Phone scammers don’t stop ‘spoofing’, not even around the holidays

Don’t always believe what your caller ID says.

City of Warren police have told the Times Observer that reports have been received regarding scammers “spoofing” the phone numbers of UPMC Hamot and the City of Warren offices as part of their scamming efforts.

According to the Federal Communication Commission, “spoofing” occurs “when a caller deliberately falsifies the information transmitted to your caller ID display to disguise their identity.

“Spoofing is often used as part of an attempt to trick someone into giving away valuable personal information so it can be used in fraudulent activity or sold illegally.”

City of Warren Police Chief Brandon Deppen said that the department received a complaint from a resident who took one of the calls.
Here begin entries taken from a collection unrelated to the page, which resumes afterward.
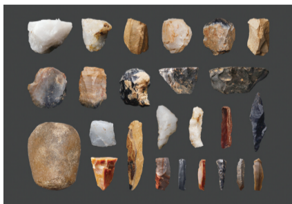
河南新郑市裴李岗石器时代遗址出土的旧石器晚期晚段典型石器(资料照片)。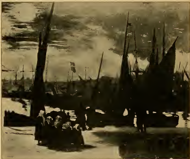
Hafen von Boulogne 1871.

diese ausserordentliche Naturfrische und Wahrheit seiner koloristischen Wirkung, die für Augen, die an die gedämpfte Farbigkeit älterer Bilder gewöhnt sind, zunächst etwas Erschreckendes hat. Eine weitere Folge dieser Sicherheit in dem Erfassen feinsten Tonunterschiede ist die eminente Stofflichkeit seiner Schilderung. So sichtbar jeder Pinselstrich dasteht, so wirkt die Farbe doch nie materiell, nie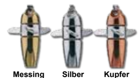
Messing Silber Kupfer

Viele Devons sind in 3 Farben Erhältlich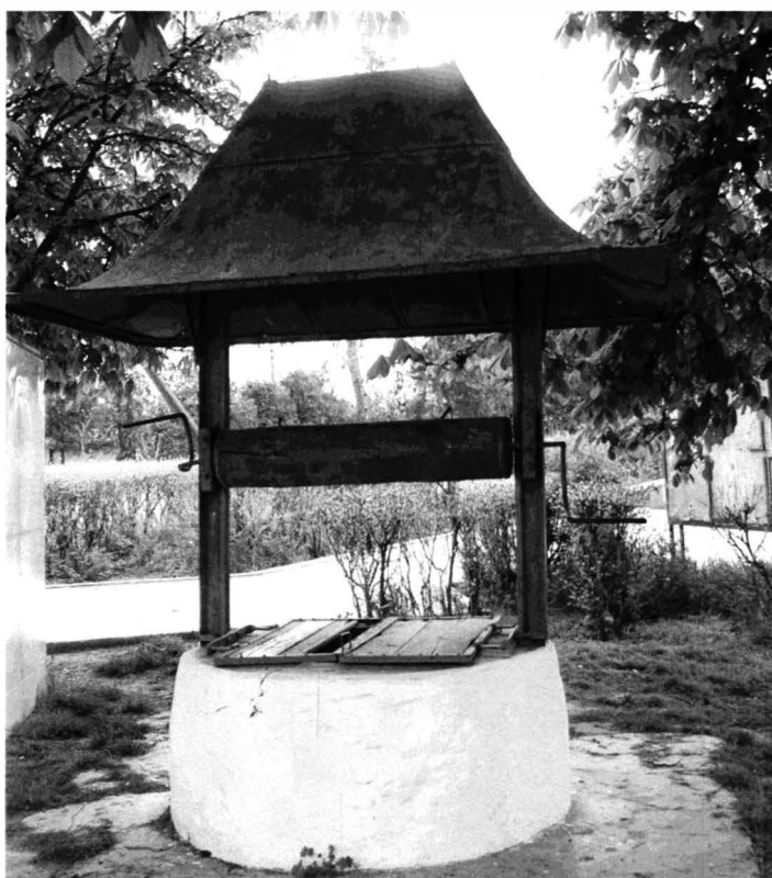
Tîrgușor – imagini din gospodărie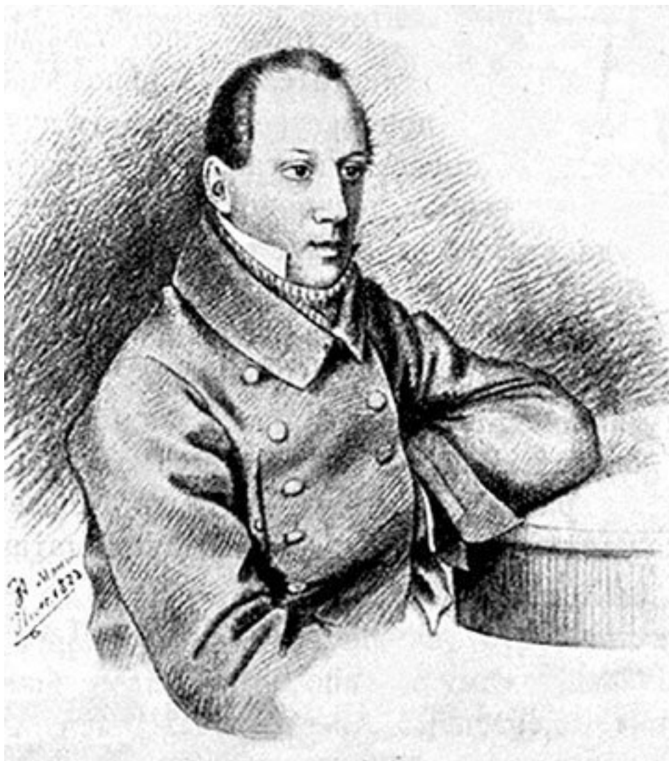
Петр Яковлевич Чаадаев. 1823 г. Рисунок Ж. Вивьена

Писатель-литературовед В. В. Вересаев (1867–1945), работавший неподалеку от Александровки в поселке Николина Гора над своим двухтомным сочинением «Спутники Пушкина», в обширной главе, посвященной другу Пушкина Петру Чаадаеву (1794–1856), возвращает нас в век XIX: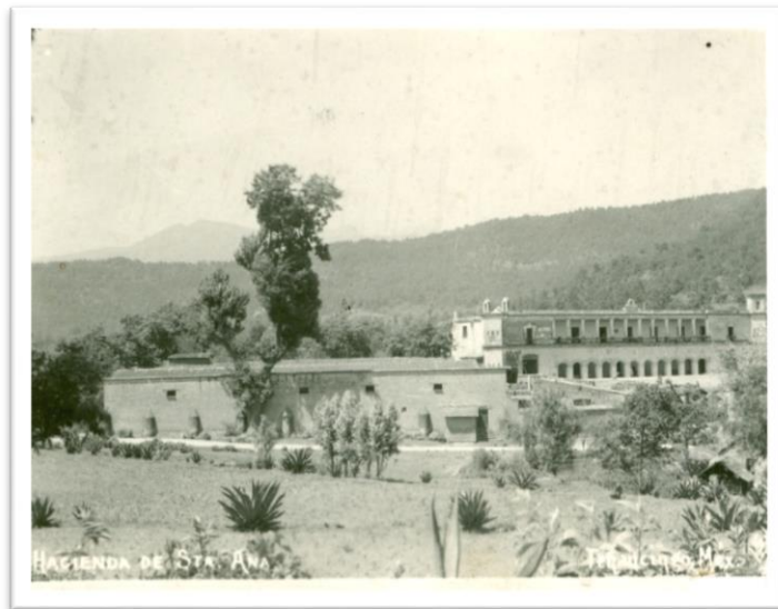
Figura 1.- La hacienda en 1920.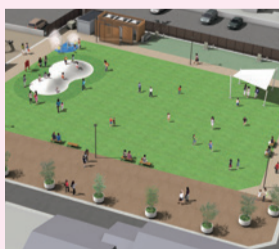
王寺町中央公民館跡地整備イメージ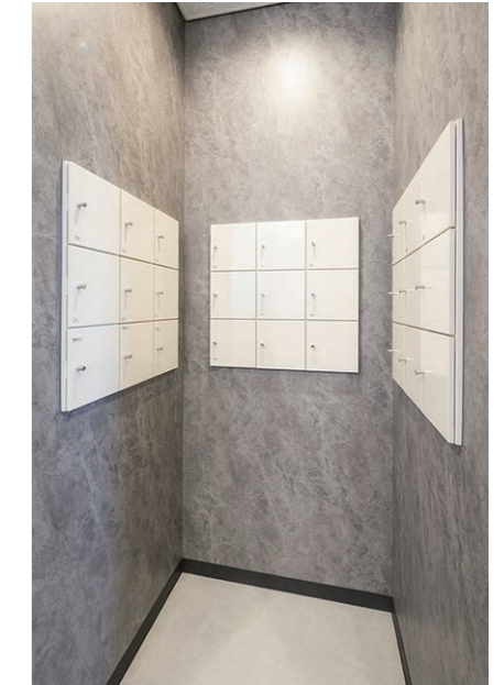
3F 女性用トイレ ミニロッカー

“The caller asked the resident about credit cards that she had and was requesting card numbers and information,” Deppen said. “The resident hung up on the scammer.

“We want to remind people to never give information over the phone to someone that you do not know or calls you randomly. Always protect your information.”

The FCC says that “U.S. law and FCC rules prohibit most types of spoofing.”

“In some cases, spoofing can be permitted by courts for people who have legitimate reasons to hide their information, such as law enforcement agencies working on cases, victims of domestic abuse or doctors who wish to discuss private medical matters.”